** Records for processing **
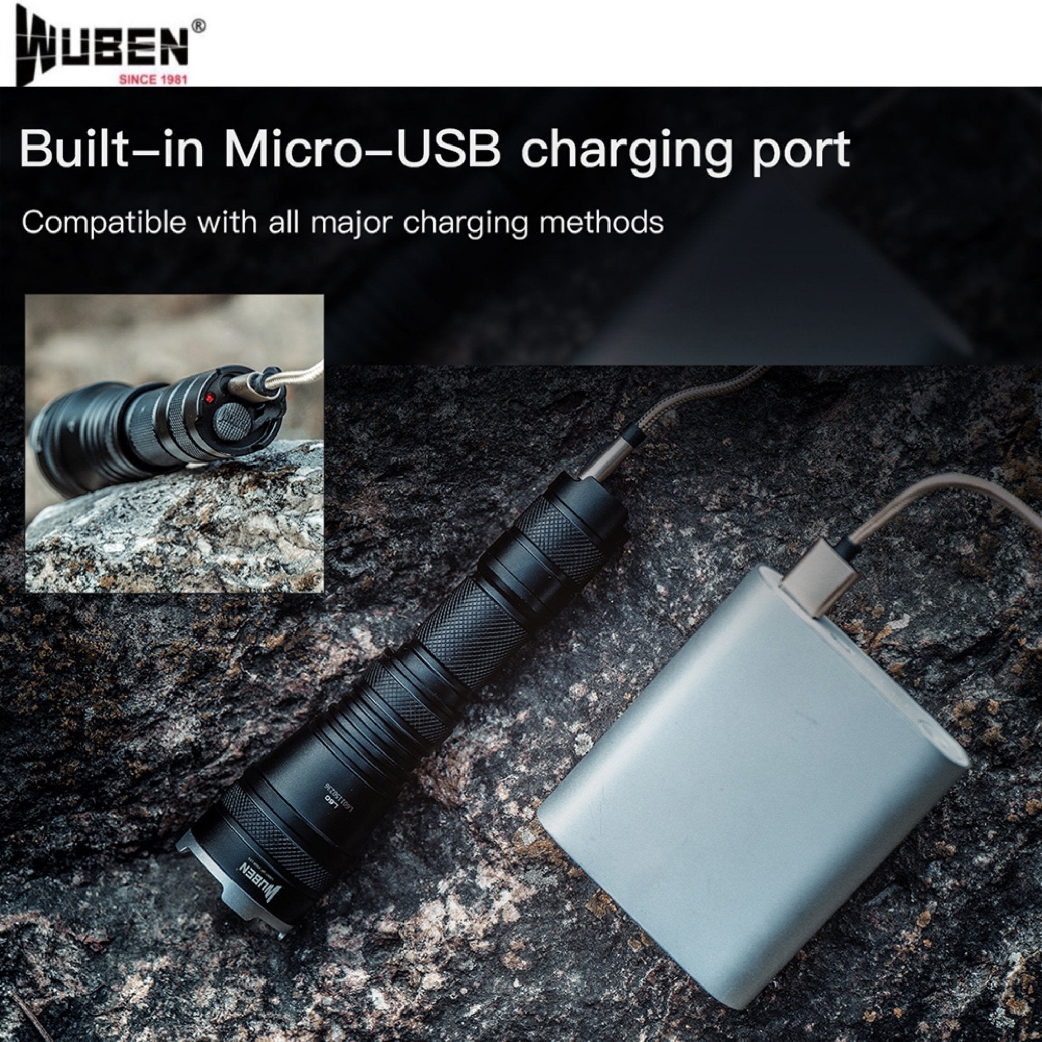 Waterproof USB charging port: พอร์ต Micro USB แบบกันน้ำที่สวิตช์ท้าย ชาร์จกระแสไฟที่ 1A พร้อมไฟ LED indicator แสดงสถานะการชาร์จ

==

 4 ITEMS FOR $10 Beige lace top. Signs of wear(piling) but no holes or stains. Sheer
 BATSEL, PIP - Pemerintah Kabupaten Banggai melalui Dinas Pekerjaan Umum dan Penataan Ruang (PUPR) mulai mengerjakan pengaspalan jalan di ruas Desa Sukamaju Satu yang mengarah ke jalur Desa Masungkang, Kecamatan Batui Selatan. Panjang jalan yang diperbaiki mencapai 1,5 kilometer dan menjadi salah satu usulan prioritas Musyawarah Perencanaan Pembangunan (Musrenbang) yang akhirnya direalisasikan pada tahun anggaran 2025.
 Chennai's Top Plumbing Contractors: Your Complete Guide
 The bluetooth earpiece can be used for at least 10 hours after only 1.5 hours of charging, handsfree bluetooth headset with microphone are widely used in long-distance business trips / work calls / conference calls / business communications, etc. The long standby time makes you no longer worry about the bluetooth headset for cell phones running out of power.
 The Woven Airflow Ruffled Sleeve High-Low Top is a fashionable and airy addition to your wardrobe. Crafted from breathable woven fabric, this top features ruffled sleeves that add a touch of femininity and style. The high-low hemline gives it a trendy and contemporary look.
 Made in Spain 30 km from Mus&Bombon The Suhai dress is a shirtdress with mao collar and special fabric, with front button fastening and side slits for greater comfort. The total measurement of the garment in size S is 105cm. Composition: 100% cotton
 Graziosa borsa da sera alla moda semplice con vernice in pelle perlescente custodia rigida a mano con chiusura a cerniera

** What is being asked **
Only the lines above from the line containing "The Woven Airflow" through the line containing "Graziosa borsa da" should be retyped, exactly and with both ends included.

** Solution to this task **
 The Woven Airflow Ruffled Sleeve High-Low Top is a fashionable and airy addition to your wardrobe. Crafted from breathable woven fabric, this top features ruffled sleeves that add a touch of femininity and style. The high-low hemline gives it a trendy and contemporary look.
 Made in Spain 30 km from Mus&Bombon The Suhai dress is a shirtdress with mao collar and special fabric, with front button fastening and side slits for greater comfort. The total measurement of the garment in size S is 105cm. Composition: 100% cotton
 Graziosa borsa da sera alla moda semplice con vernice in pelle perlescente custodia rigida a mano con chiusura a cerniera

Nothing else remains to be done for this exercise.